In 2008 she decided to move to Berlin. Since then she has been working for ://about blank permanently – her “living room” as she calls it – and influenced by labels like Sand well District or Prologue and the dark and echoing Techno-sound of this time, she started DJing. Today she passionately conjures the events named Ghosts and Zeroize and when she’s not playing at ://about blank you can find Silva DJing in other clubs spinning her deep and dubby techno-records and having fun.

FACTS:

1: take your dreams serious, and look for other person who follow and fight for their dreams too
2: rymd, rymden, rymder, rymderna
3: I love vinyl

QUESTIONS:

1. What is the biggest inspiration for your music?
I remember from my childhood on the joy of being alone with a new tape or a record of my parents, today it is the same—the joy of discovering the music alone, with time and see what comes up into my mind.

2. How and when did you get into making music?
It was the wish to be active—not “just” consuming a party—in the club scene and give something I love and think other people would like to enjoy, to mix and to share time and space with the crowd. It is the part of curating a time slot or a night.

3. What are 5 of your favourite albums of all time?
Difficult, there are various. The one I love-besides my techno records—for a very long time are

Sade – Promise
The Beatles – Magical Mystery Tour
Beasty Boys – Ill Communication
Prince – Diamonds and Pearls
Air – The Virgin Suicides (Soundtrack)

4. What do you associate with Berlin?
The joy of ridding by bike in summer, my friends and my home base ://about blank.
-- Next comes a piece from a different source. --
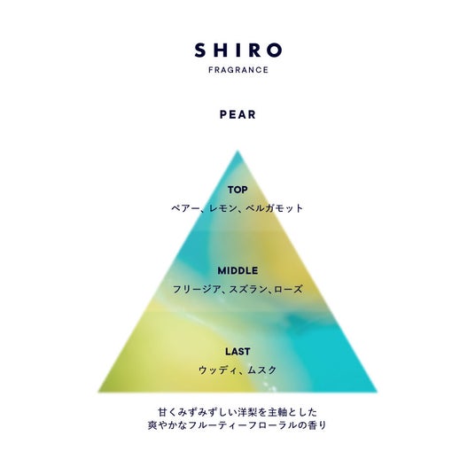 やさしい甘さをもつ上品なペアーの香りをまとえるオードパルファン。ひと吹きするたび、みずみずしい果実とエレガントな花々の香りに包まれます。お客様からの人気が高く、SHIRO のスタッフにもファンが多いフレグランスです。つける部位によって香り方が変化するので、その日の気分やお好みで使い分けてお楽しみください。

5. What’s your favourite place in your town?
There is a little peninsula and beautiful riverside in Kreuzberg where I enjoy the early morning hours every day with my dog.

6. If there was no music in the world, what would you do instead?
Writing.

7. What was the last record/music you bought?
Beside my techno records: Moonlight (The Soundtrack)

8. Who would you most like to collaborate with?
I enjoyed a lot to play several gigs in cities of Eastern and South-eastern Europe. As a person who grow up in the GDR I would like to connect more with these scenes, who share the experience of real socialism too and see how it influences our understand ing of music, art, places…

9. What was your best gig (as performer or spectator)?
There are three gigs I have and try to hold in mind:
1. the garden closing @ ://about blank birthday this year because of the best crowd ever!
2. a dj set in front of a small but very warm crowd at a festival close to Leipzig, which is organized collectively and something like a must-go every year—I love the small and beautiful self-organized festivals
3. my first gig at Berghain (it will never be again like the first time because of the emotions that comes up at this place)

10. How important is technology to your creative process?
Well, honestly I need records and turntables, I’m more the old-fashioned DJ. ;)

11. Do you have siblings and how do they feel about your career/art?
I’m aware of how it works at the music business and I have to say there is a lot that I criticize especially in relation to the lack of visibility of female or LGBTI positions in it. For me as a DJ the most important is to share—music, time, space—and have good moments like surprizing and inspiring sets and conversations. That is why I decided not to earn my money with it, it makes it easier to decide at which place and with which crowd you want to spend time. As a female artist, who is traveling alone to gigs and has to deal with sexist behaviour sometimes, this is an important freedom I need to have. I also think I couldn’t be as creative as I want during my sets when I need to play every weekend or two times a weekend, which maybe is seen as the “usual” dj career.